## Problem requirements
Return the material exactly, first line through the line containing "Pink Lily Leopard", and nothing more. Pictures stay out.

──────── Data for the task ────────

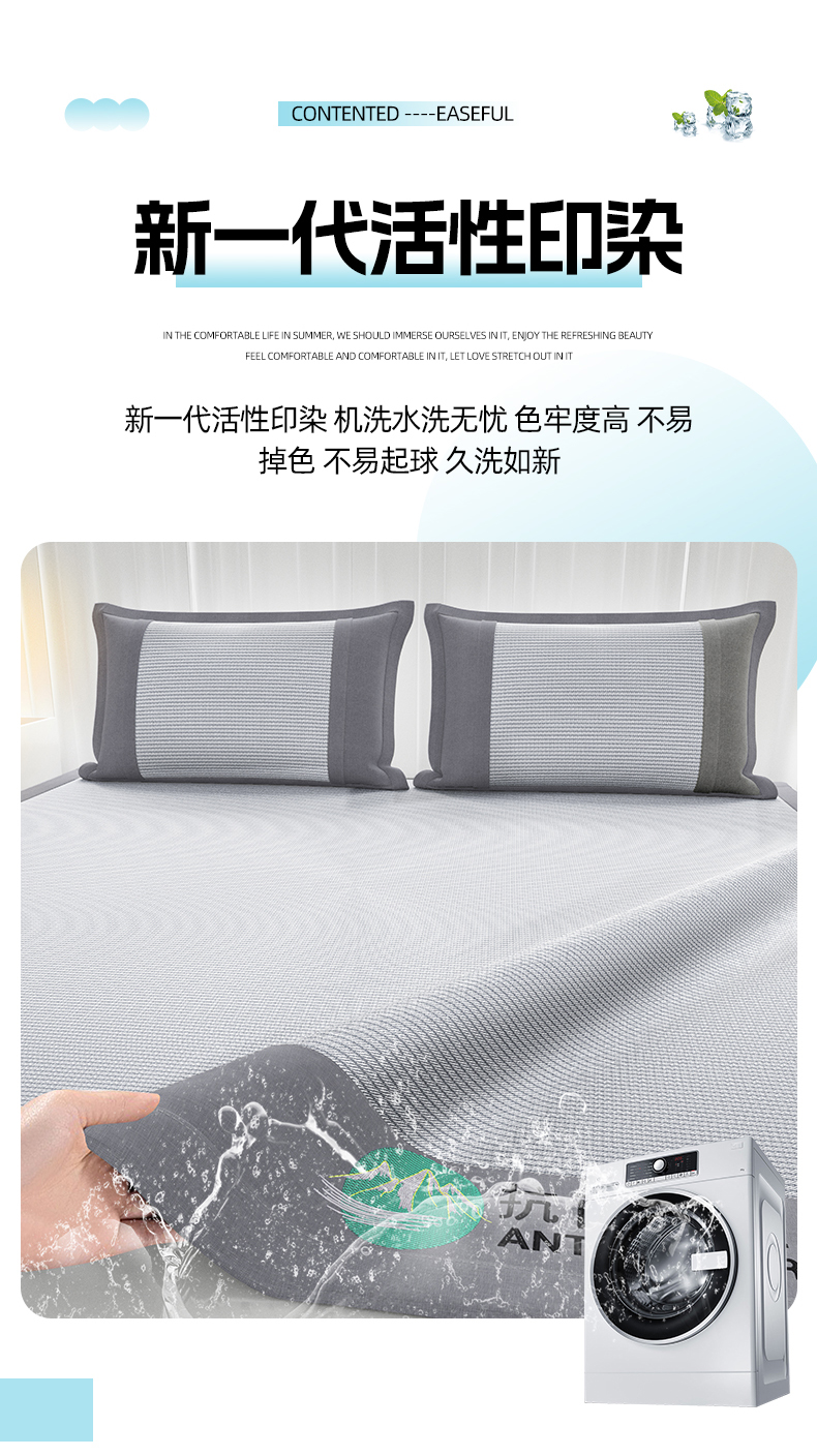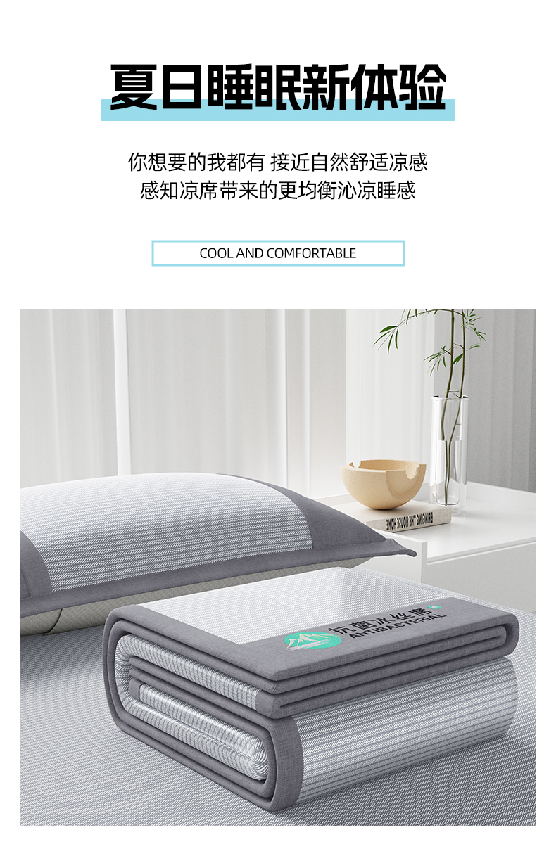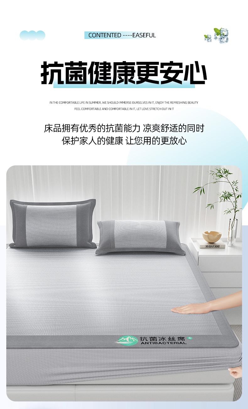 • 91家纺网 家纺一手货源 找家纺 爱宝被业 2025新款亲肤凉感抗菌冰丝凉席席子 雾云绿
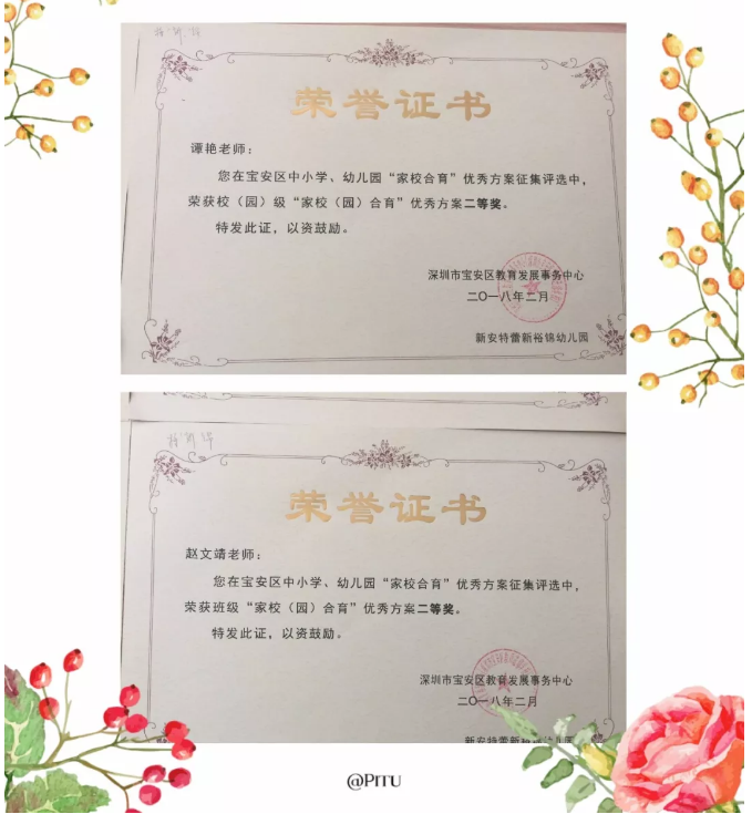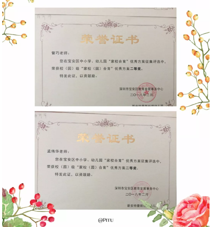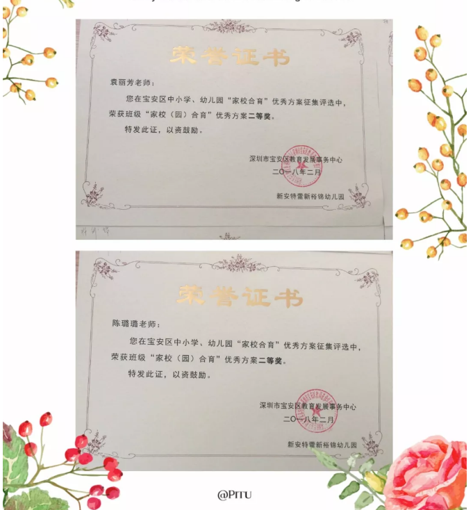2018年4月3日,我园在宝安区中小学、幼儿园“家校合育”优秀方案征集评选中,我园的谭艳、曾巧、袁丽芳、陈璐璐、赵文靖、孟伟华六位老师荣获校(园)级“家校(园)合育”优秀方案二等奖。特向全园师生报喜,并向以上获奖老师表示祝贺。
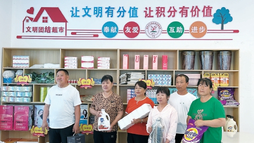 村民在“文明团结超市”兑换奖品。黄然然 摄
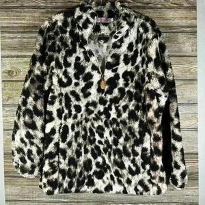 Pink Lily Leopard Sherpa Half Zip Pullover Size Small
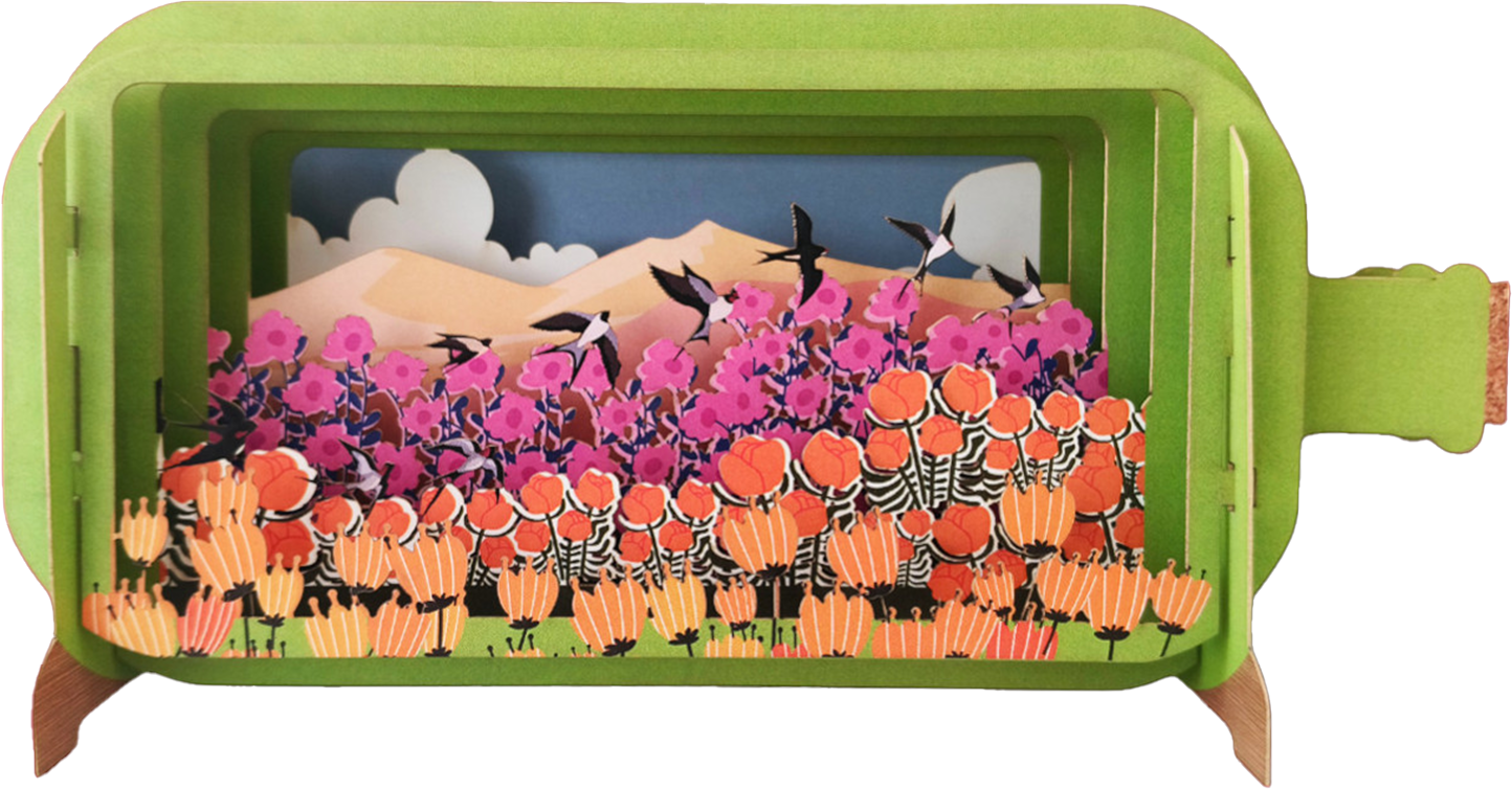 Risograph printed card with accents of fluorescent ink. Each card has a paper balloon inside that corresponds with the character on the front of the card. Blank inside for your own message. 105mm x 150mm - Pack of 6 105 mm x 150mm. Kraft envelope. Pack of 6. Tiger paper balloon inside.
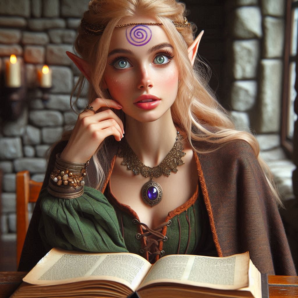 And as it turns out she loves reading and learning. Which is a good thing for growing up in the greatest library of the Realms, and not even being allowed to travel or leave.  She chafes under this a little, but she figured out many years ago that her father has a good reason for this. She doesn’t know what it is, and she does wonder sometimes. Her best guess is that Gorion has powerful enemies. She knows he is connected to the group known as Harpers.  Oh so secret. She’s not supposed to know this. But again, she isn’t stupid.
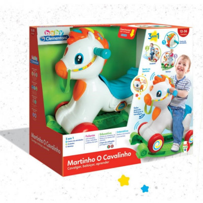 O Martinho é um cavalinho de quatro rodas resistente, falante que baloiça e cavalga.
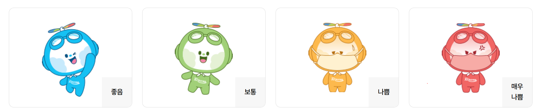 대기의 환경을 위의 캐릭터로 표현하여 대기 상황을 한 눈에 쉽게 알아볼 수 있도록 했습니다.
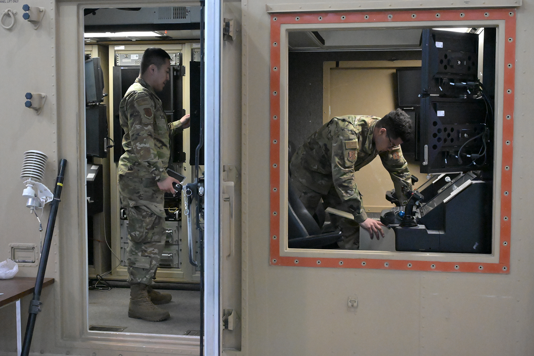 119th Aircraft Maintenance Squadron ground control station (GCS) maintainers inspect the mobile dual cockpit, Block 30 GCS as it arrives at the N.D. Air National Guard Base, April 12, 2022.

────────

## Answer space
 • 91家纺网 家纺一手货源 找家纺 爱宝被业 2025新款亲肤凉感抗菌冰丝凉席席子 雾云绿
2018年4月3日,我园在宝安区中小学、幼儿园“家校合育”优秀方案征集评选中,我园的谭艳、曾巧、袁丽芳、陈璐璐、赵文靖、孟伟华六位老师荣获校(园)级“家校(园)合育”优秀方案二等奖。特向全园师生报喜,并向以上获奖老师表示祝贺。
 村民在“文明团结超市”兑换奖品。黄然然 摄
 Pink Lily Leopard Sherpa Half Zip Pullover Size Small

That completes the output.